▶ [AIM OF THE TASK]
Range to copy from the entries below: the line containing "Duminică, 1 octombrie" through the line containing "the user group</td></tr></tbody></table>", inclusive. Retype only those lines, exactly, without any images.

▶ [SOURCE DATA]

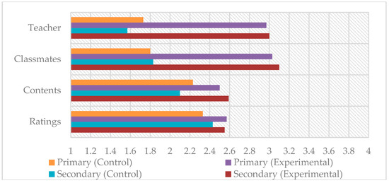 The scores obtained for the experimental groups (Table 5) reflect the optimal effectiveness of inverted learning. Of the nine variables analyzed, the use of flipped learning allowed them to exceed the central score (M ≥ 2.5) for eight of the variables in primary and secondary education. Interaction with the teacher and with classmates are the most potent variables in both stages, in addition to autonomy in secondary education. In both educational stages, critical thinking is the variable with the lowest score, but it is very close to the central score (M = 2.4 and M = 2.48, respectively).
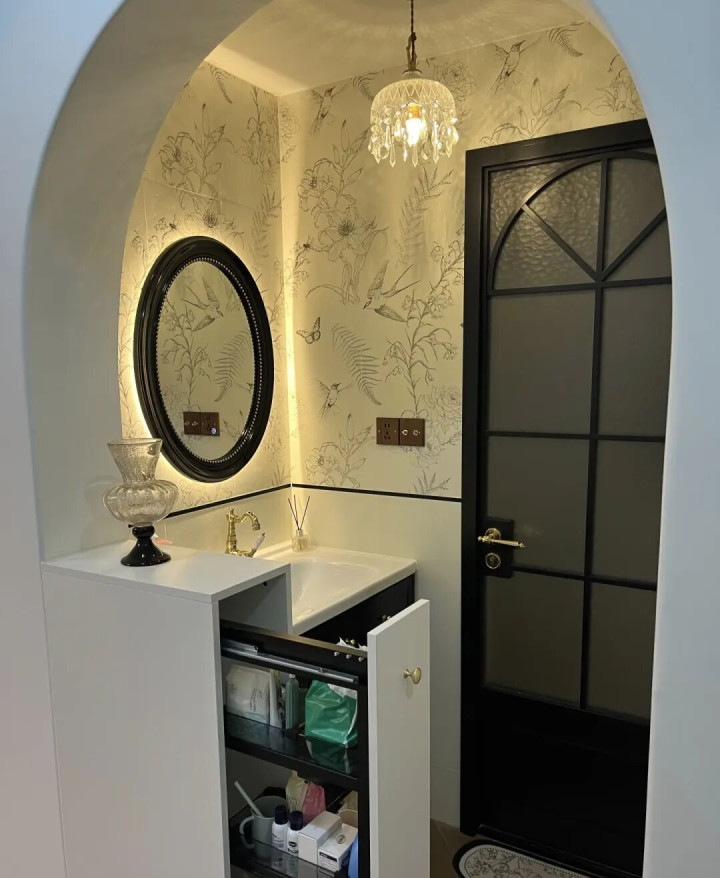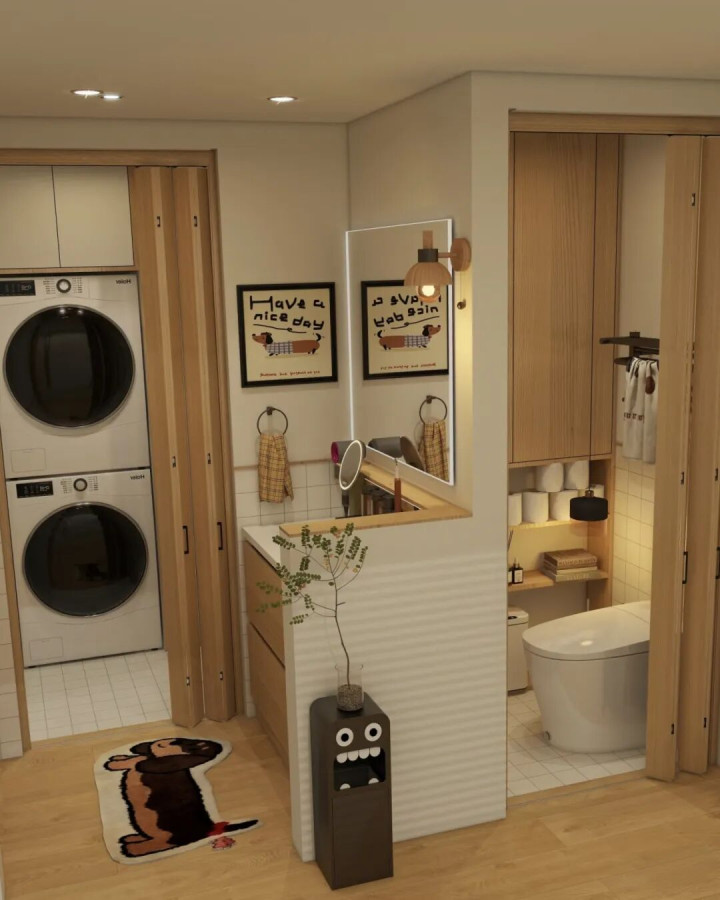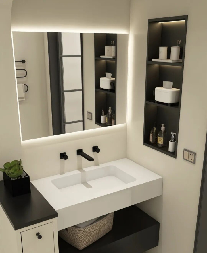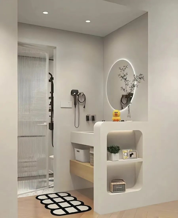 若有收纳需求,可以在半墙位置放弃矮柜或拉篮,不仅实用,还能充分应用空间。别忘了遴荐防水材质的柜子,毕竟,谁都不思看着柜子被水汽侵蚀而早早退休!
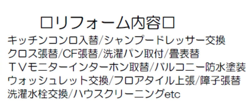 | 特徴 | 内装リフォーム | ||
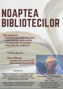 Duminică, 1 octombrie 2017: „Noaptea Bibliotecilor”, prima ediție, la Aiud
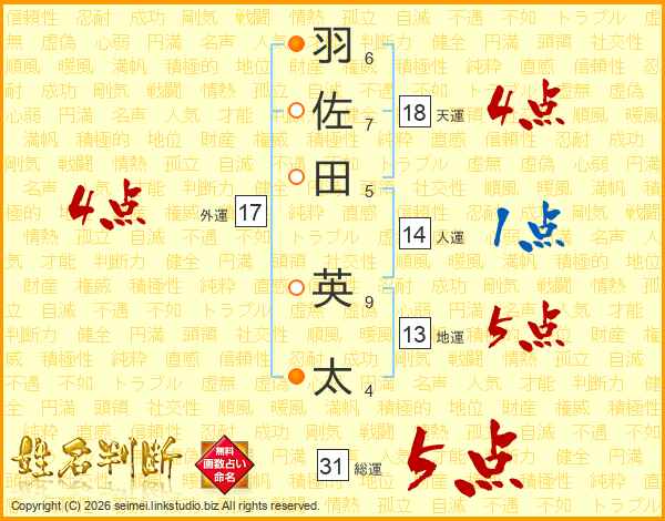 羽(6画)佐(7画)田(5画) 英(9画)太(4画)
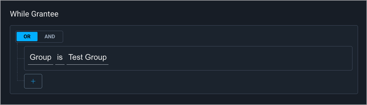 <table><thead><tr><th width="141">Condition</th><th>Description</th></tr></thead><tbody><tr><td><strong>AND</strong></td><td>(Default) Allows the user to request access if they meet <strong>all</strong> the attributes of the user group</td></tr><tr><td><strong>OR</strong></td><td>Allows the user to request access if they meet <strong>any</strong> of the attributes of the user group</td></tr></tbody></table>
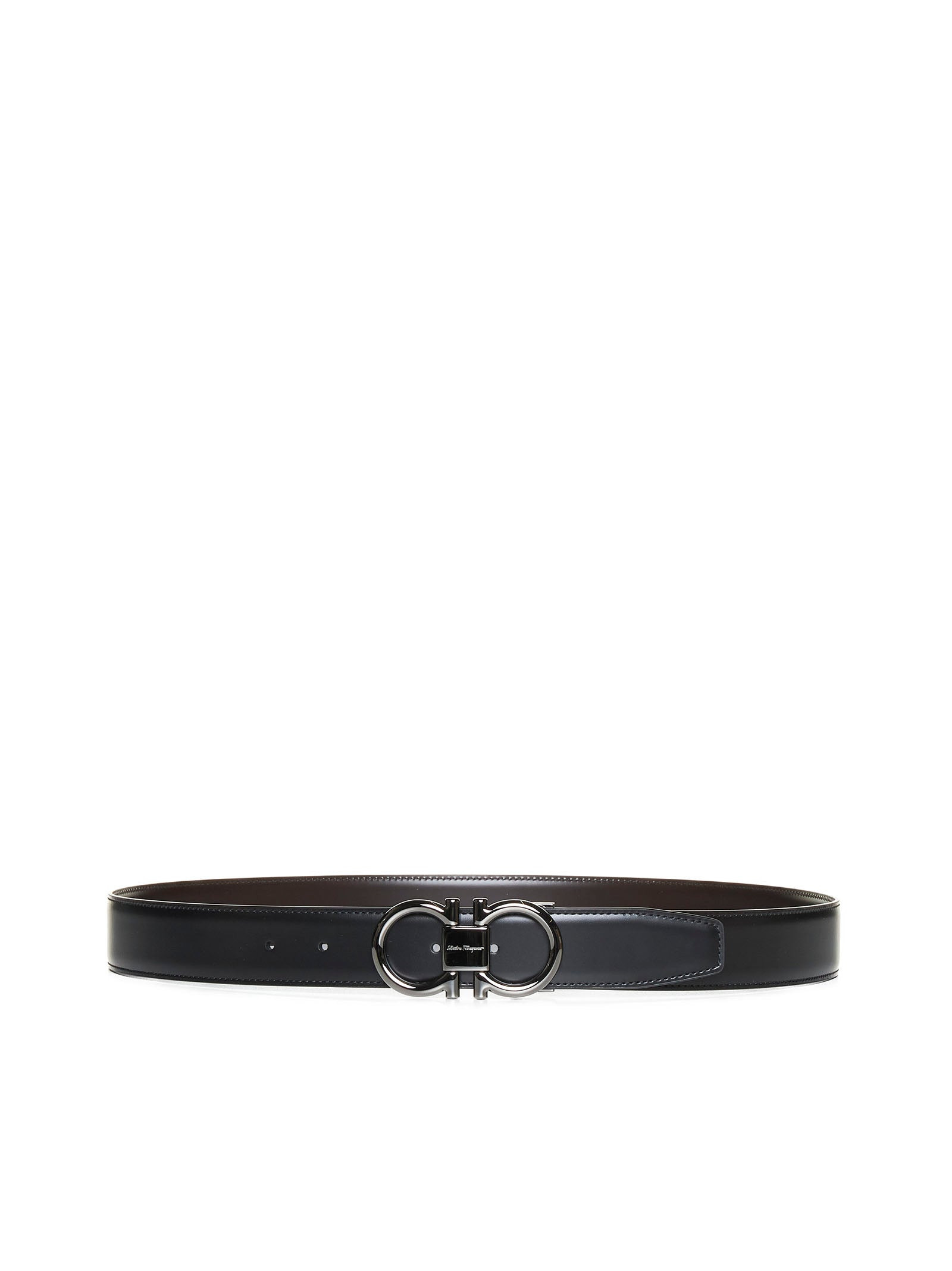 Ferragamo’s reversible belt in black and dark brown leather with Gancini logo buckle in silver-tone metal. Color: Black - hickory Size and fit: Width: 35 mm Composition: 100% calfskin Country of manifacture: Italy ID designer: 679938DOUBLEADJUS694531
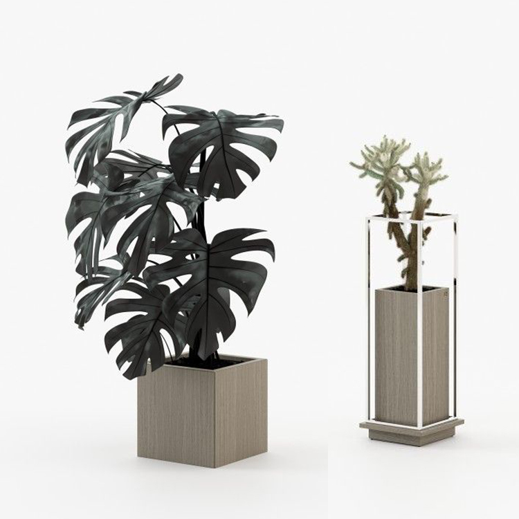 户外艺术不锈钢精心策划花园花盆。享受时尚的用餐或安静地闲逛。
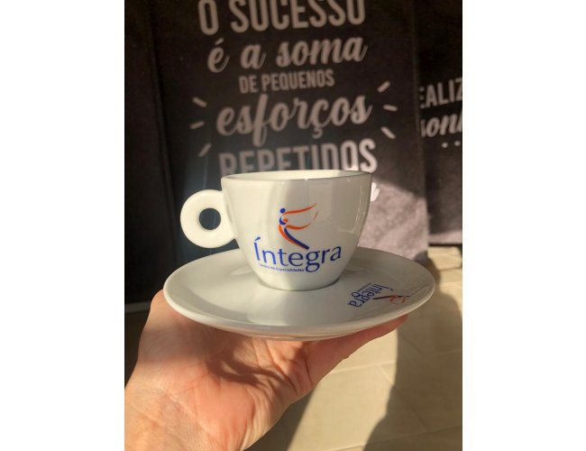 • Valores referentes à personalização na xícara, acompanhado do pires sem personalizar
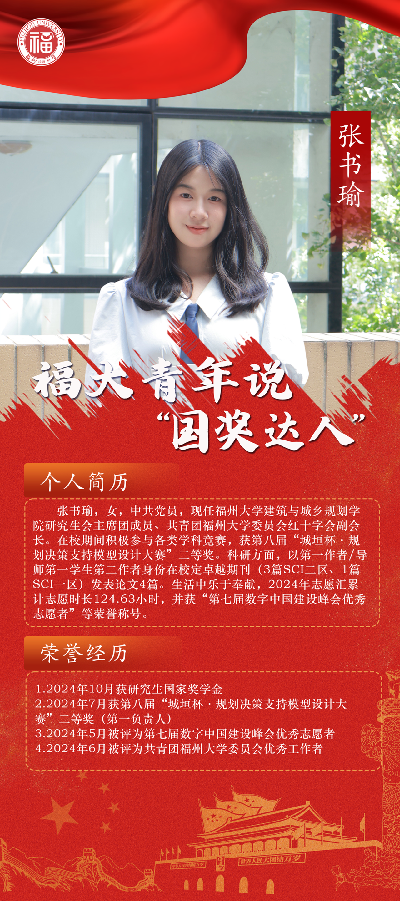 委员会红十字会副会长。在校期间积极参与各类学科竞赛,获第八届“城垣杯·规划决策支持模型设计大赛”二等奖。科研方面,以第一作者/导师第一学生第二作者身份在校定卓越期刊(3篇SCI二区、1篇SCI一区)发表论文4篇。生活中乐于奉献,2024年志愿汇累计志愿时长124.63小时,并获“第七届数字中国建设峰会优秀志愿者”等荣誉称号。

▶ [FINAL ANSWER]
 Duminică, 1 octombrie 2017: „Noaptea Bibliotecilor”, prima ediție, la Aiud
 羽(6画)佐(7画)田(5画) 英(9画)太(4画)
 <table><thead><tr><th width="141">Condition</th><th>Description</th></tr></thead><tbody><tr><td><strong>AND</strong></td><td>(Default) Allows the user to request access if they meet <strong>all</strong> the attributes of the user group</td></tr><tr><td><strong>OR</strong></td><td>Allows the user to request access if they meet <strong>any</strong> of the attributes of the user group</td></tr></tbody></table>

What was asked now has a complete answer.